Effective commercial value of insurance companies

money value

Cash value, also known as "termination refund" or "surrender value", is the amount that the life insurance company should return when the insured requests termination or surrender. In a long-term life insurance contract, the insurer usually needs to deposit a certain amount of liability reserve in order to fulfill its contractual responsibilities. When the insured requests to cancel the contract or surrender for any reason within the insurance validity period, the insurer shall return the balance of the deposited liability reserve minus the cancellation deduction to the insured, that is, the cancellation fee, that is, the cash value of the policy at the time of surrender.

Generally speaking, in the case of a certain amount of insurance, the risk is small when you are young, the required premium is small, and the risk is great when you are old, but in fact, insurance companies will adopt a balanced fixed premium method. In this way, the premium paid when you are young is higher than the premium you should pay. On the surface, the insurance company overcharged the premium, but in fact, the insurance company saved the premium paid when it was young and accumulated interest at a certain interest rate to make up for the deficiency of the premium in old age. The cash value statement is the result of accumulating interest in this way. Under normal circumstances, the cash value of the policy will not be available until two years later. If the payment is less than two years, the cash value of the policy is generally zero.

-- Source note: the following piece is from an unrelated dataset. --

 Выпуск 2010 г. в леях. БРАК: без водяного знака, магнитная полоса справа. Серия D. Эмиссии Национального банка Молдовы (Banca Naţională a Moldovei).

The reason why life insurance companies want to cancel the contract and deduct money instead of returning all the deposited liability reserves to the insured is for the following reasons:

(1) Death adverse selection increased. Because the infirm generally do not propose to terminate the contract halfway, and a large number of healthy people will inevitably increase the average mortality rate of the insured after terminating the contract.

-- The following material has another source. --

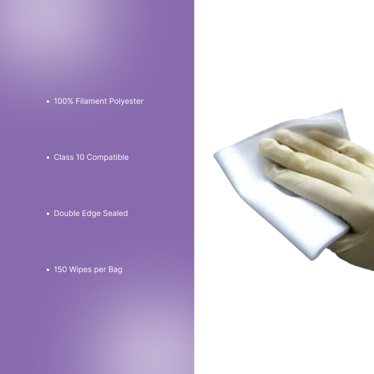 - Material & Construction: Made from 100% filament polyester; two edges ultrasonic cut and sealed; non-abrasive knit structure; laundered and double packaged in a Class 10 cleanroom; double sealed polybags.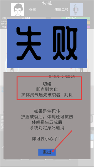 4、若【切磋】未能成功,需牢记【护体灵气先被破除的一方判定为负】这一规则,点击【退出】按钮后提升自身的护体属性,随后再次尝试发起挑战。

(2) affect the use of funds and reduce the company's investment. Due to the termination of the contract, the life insurance company must withdraw certain funds and pay them to the canceller in time, resulting in the company losing part of the investment interest.

(3) Additional expenses need to be amortized. In the first year after the issuance of the policy, the excess fees were stopped due to the surrender or termination of the insured, which made it impossible to recover some of the extra premiums.

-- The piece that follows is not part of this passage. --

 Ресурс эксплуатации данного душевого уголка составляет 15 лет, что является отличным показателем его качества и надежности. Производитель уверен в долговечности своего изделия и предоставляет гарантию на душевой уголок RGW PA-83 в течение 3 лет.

(4) The cancellation procedures need to be paid.

For the insured and the insured, the cash value has the following three functions:

1, the insured surrenders. The surrender fee is charged according to the cash value. If there is a policy loan, automatic prepayment, etc. When surrendering, the insurance company will first deduct the arrears and interest from the cash value.

2. Policy loans. Generally, the policy with the policy loan function takes the cash value as the denominator and allows the insured to borrow the maximum amount. Most insurance policies stipulate that the maximum loan amount of the insured shall not exceed 70% of the insurance contract.

3. Dividend. In the dividend insurance contract, the annual dividend enjoyed by the insured is based on the cash value. The dividend paid by the insurance company is not proportional to the total premium paid by the insured, but exists in the form of cash value. If the business personnel do not explain clearly to the insured, it will often lead to disputes in the next year's dividend.

Further reading: How to buy insurance, which is good, and teach you how to avoid these "pits" of insurance.